** Opening Dataset entries block **

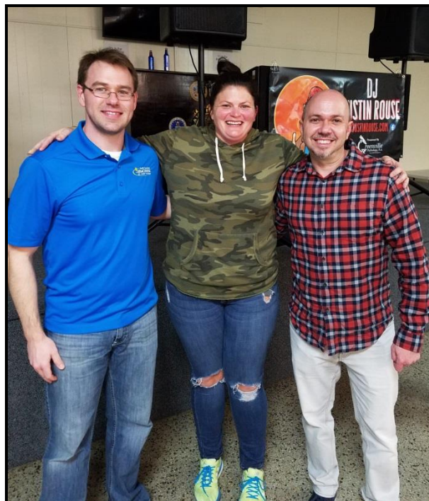
Shuck & Pluck 2020 Greenville Jaycees
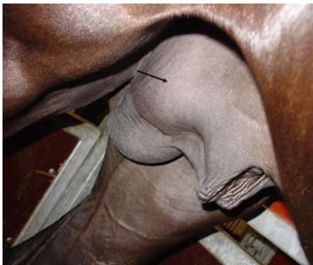
Figure 2. The scrotum had an asymmetrical appearance due to retraction of the painful right testicle (arrow).

removal of the affected testis. In a very early stage it is possible to resolve the torsion and then attach the testicle in the scrotum (Schumacher and Varner, 1997; Knottenbelt, 2003).
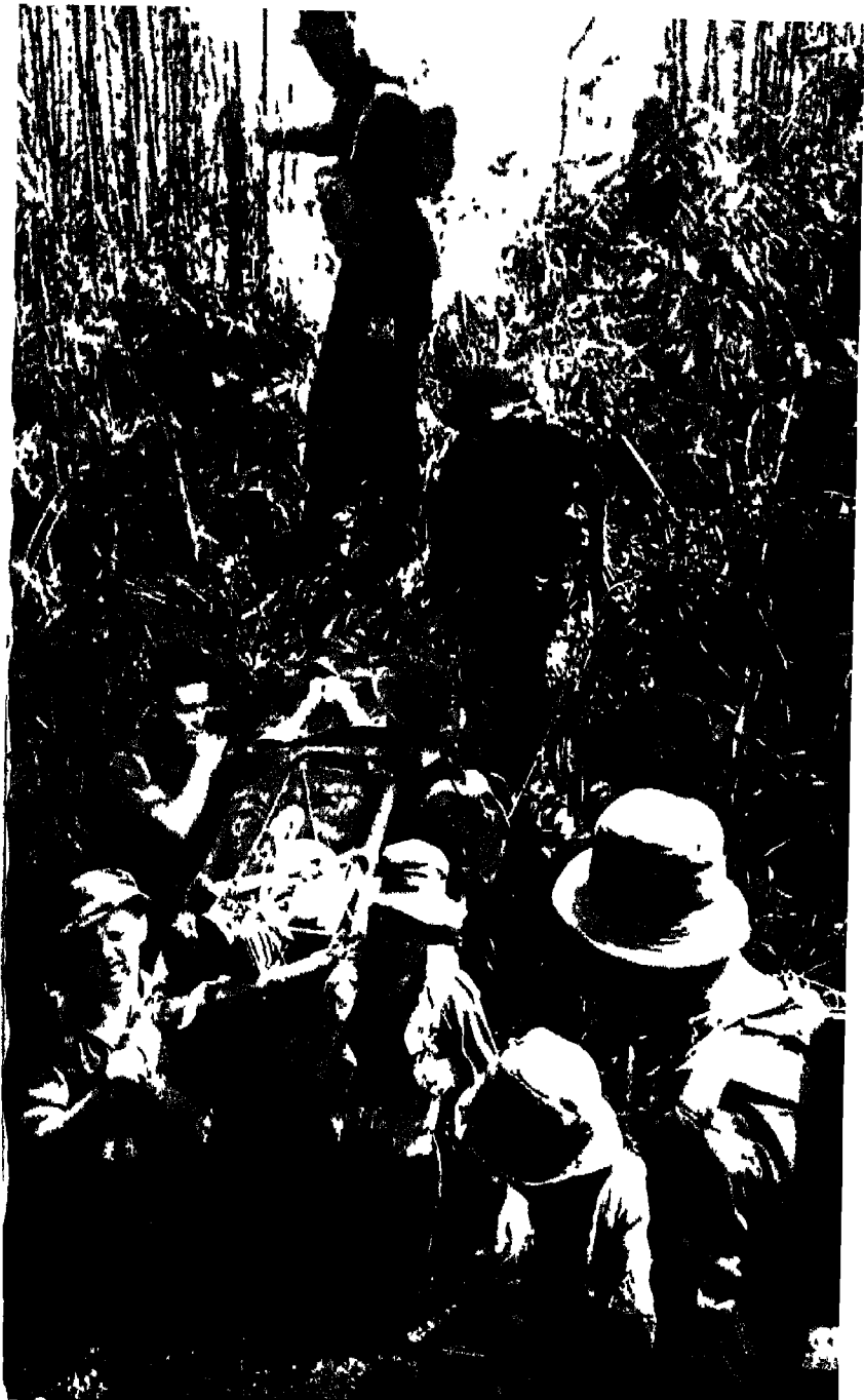
207. ... ..
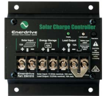
12V 10A Solar Charge Controller EN41010
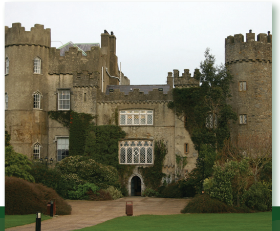
Malahide Castle, County Dublin
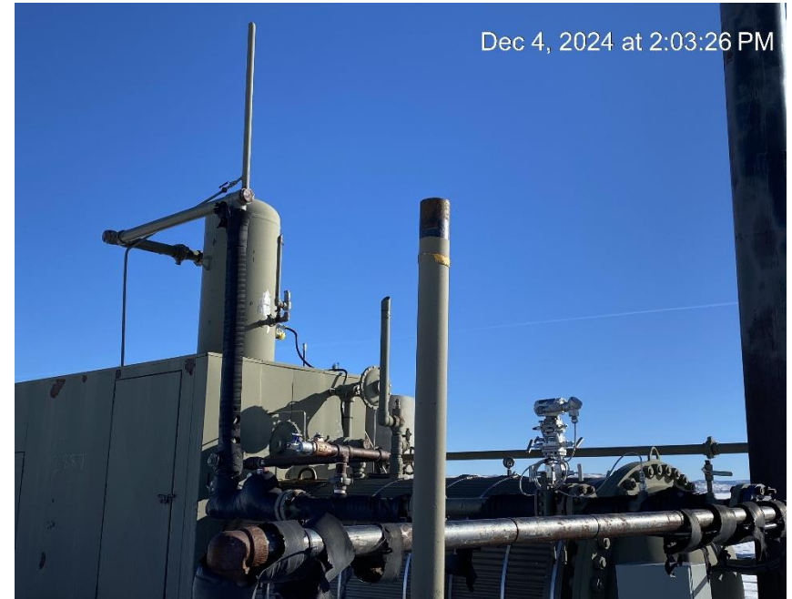
Vent riser missing cap
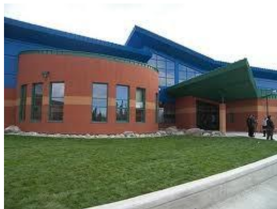
Chemawawin Public Library is located in Chemawawin School in Easterville.

"Public libraries can become the living, breathing heart of a community. It draws in people from all ages, to all interests. It opens up the world in a comfortable, safe environment for everyone. It is more than just books, but a thriving community centre for activities, events, as well as a place for study and contemplation."
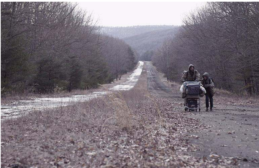
Figure 19 – The Road

In the 2009 film The Road – adapted from the post-apocalyptic novel by Cormac McCarthy – a dystopian future is imagined in which the remnants of capitalism are the only redemptive elements. As a post-financial crisis film, The Road conceives of a future transformed by an unknown catastrophe. A boy and his father travel through a landscape of perpetual war among survivors reduced to cannibalism, pushing a shopping cart through the ruins of late capitalism. The dystopian narrative is driven by a utopian vision of this irretrievable past, a vision of post-capitalist possibility that goes hand-in-hand with even greater catastrophe.
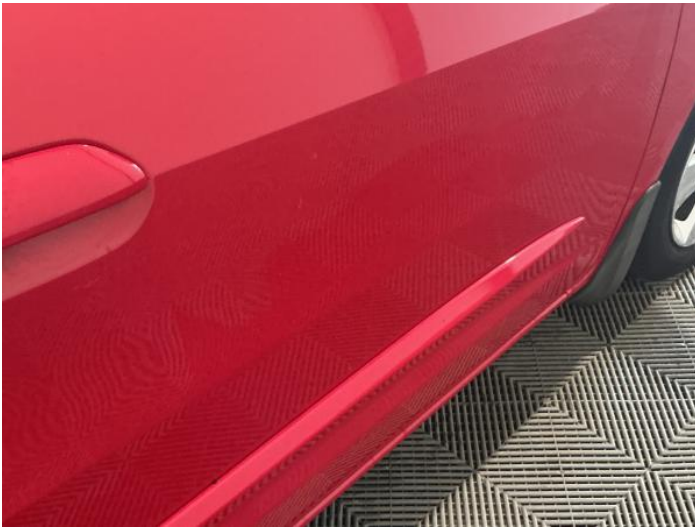
17: Door osf Chipped 1 To 5
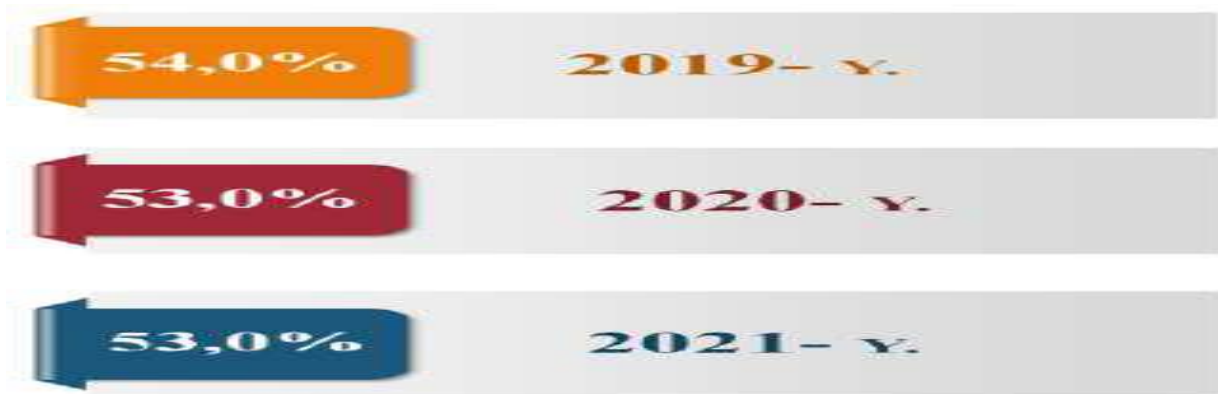
Figure 2 . 2021 _ January - June months small entrepreneurship The share of entities in GDP, in%

Small businesses (SBs) are the cheapest, most easily managed market entities that are quick to adapt to changes in market conditions. They do not have a significant impact on the deterioration of the environment, unlike large enterprises, do not lead to serious environmental problems. Due to the small size and flexibility of capital capacity, business and entrepreneurship enterprises are more successful than large enterprises in modernizing production and updating the range of products, and therefore adapt more quickly to market demand.
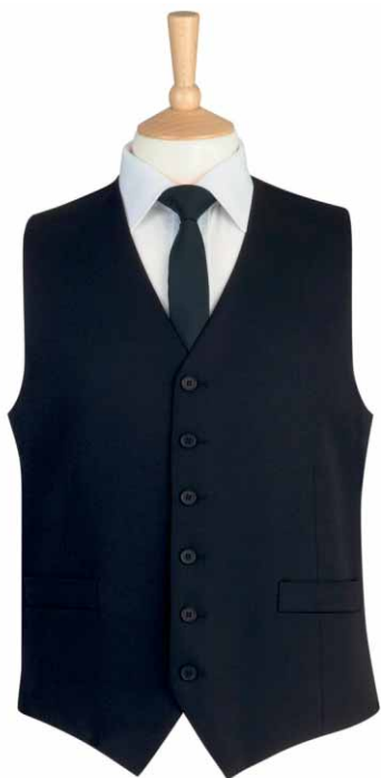
Gamma Waistcoat (Black) 6 button front, cloth backed, longer back with adjuster.

this fully machine washable collection offers unrivalled high-level performance
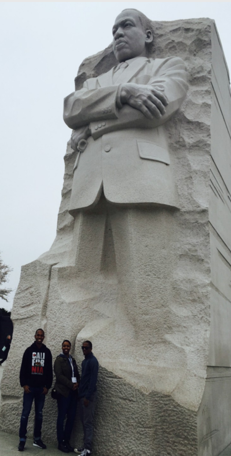
Martin Luther King, Civil Rights Activist
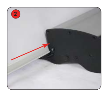
Slide the insert and graphic into the base.
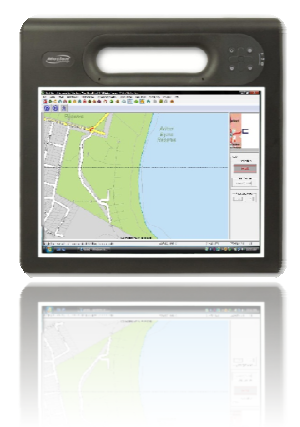
Figure 3: An example of a ruggedised tablet.
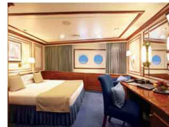
Category 1. From
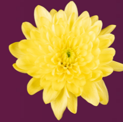
Pina Colada Yellow
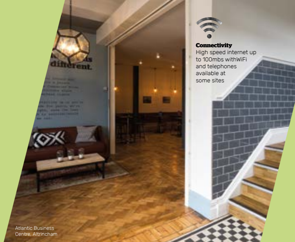
Atlantic Business Centre, Altrincham

Absolutely. Long-term leases don't always suit small businesses. We've created flexible, off-the-peg licences, so you can rent for a year, a month, a week, or even a single day.
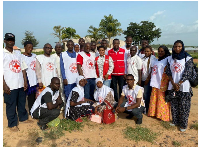
Cross Section of sEAP training participants in Nasarawa State, Nigeria.
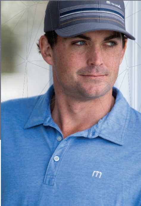
PGA Tour Professional KEEGAN BRADLEY
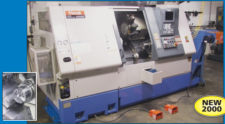
Mazak Model SQT-250MS CNC Turning / Milling Center
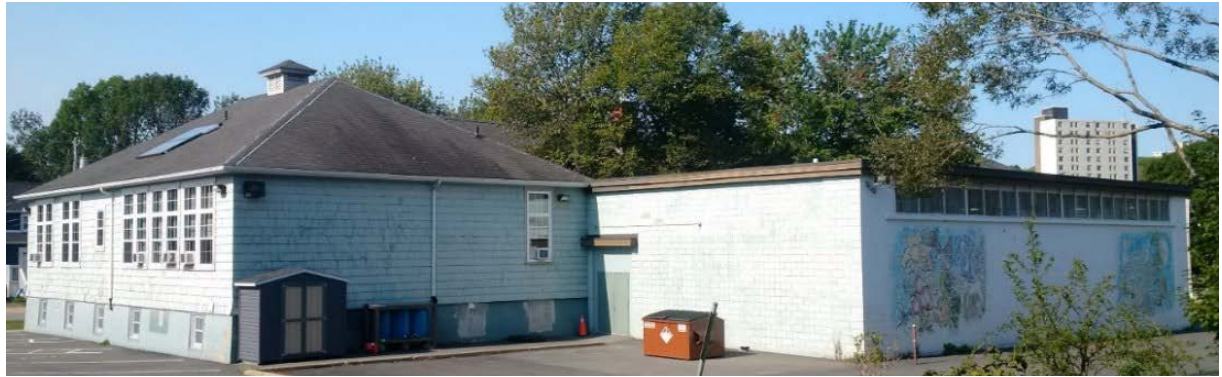
Figure 6: Rear gymnasium addition, 2018

In the 1960s a cinderblock gymnasium was constructed as an addition across the rear of the building. This addition altered the building's original "U" shape at the rear and created an enclosed outdoor courtyard in the center of the building.
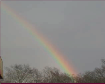
A Rainbow over Dodd Stadium must mean Good Luck!
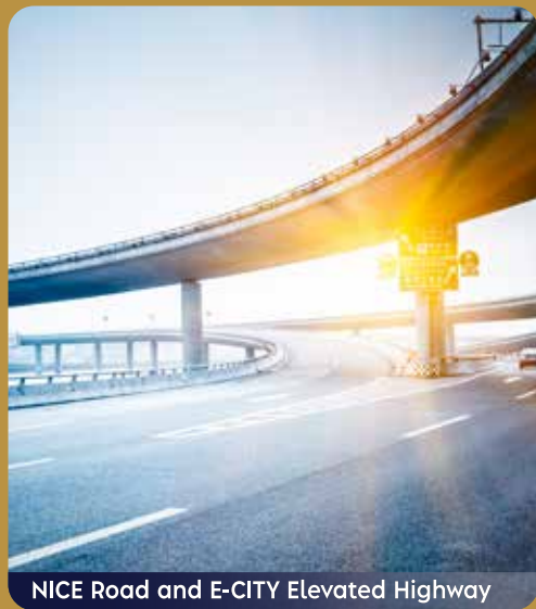
NICE Road and E-CITY Elevated Highway
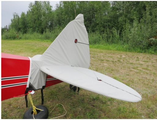
Piper PA-12 Abbreviated Empennage Cover
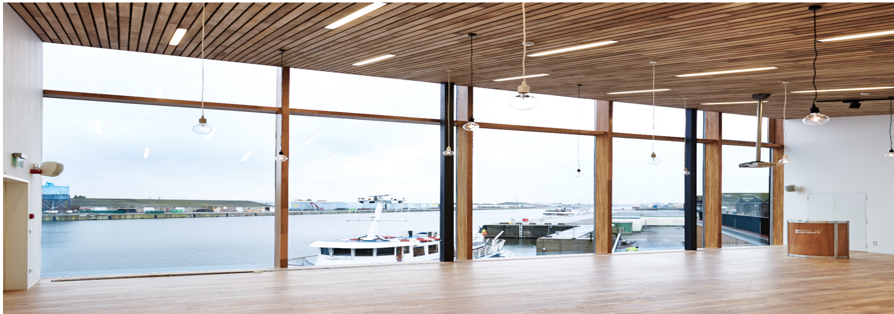
PORT OF GHENT – VISITORS CENTER
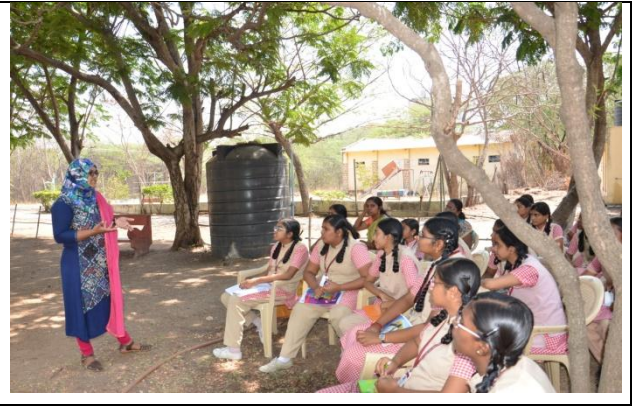
Lecture on Know about DNA

** Closing Dataset entries block **

• [The problem]: Without the pictures, set down the lines above from the line with "Malahide Castle, County Dublin" up to and including the line with "Figure 19 – The Road" exactly as they stand.

• [Answer to the exercise]:
Malahide Castle, County Dublin
Vent riser missing cap
Chemawawin Public Library is located in Chemawawin School in Easterville.

"Public libraries can become the living, breathing heart of a community. It draws in people from all ages, to all interests. It opens up the world in a comfortable, safe environment for everyone. It is more than just books, but a thriving community centre for activities, events, as well as a place for study and contemplation."
Figure 19 – The Road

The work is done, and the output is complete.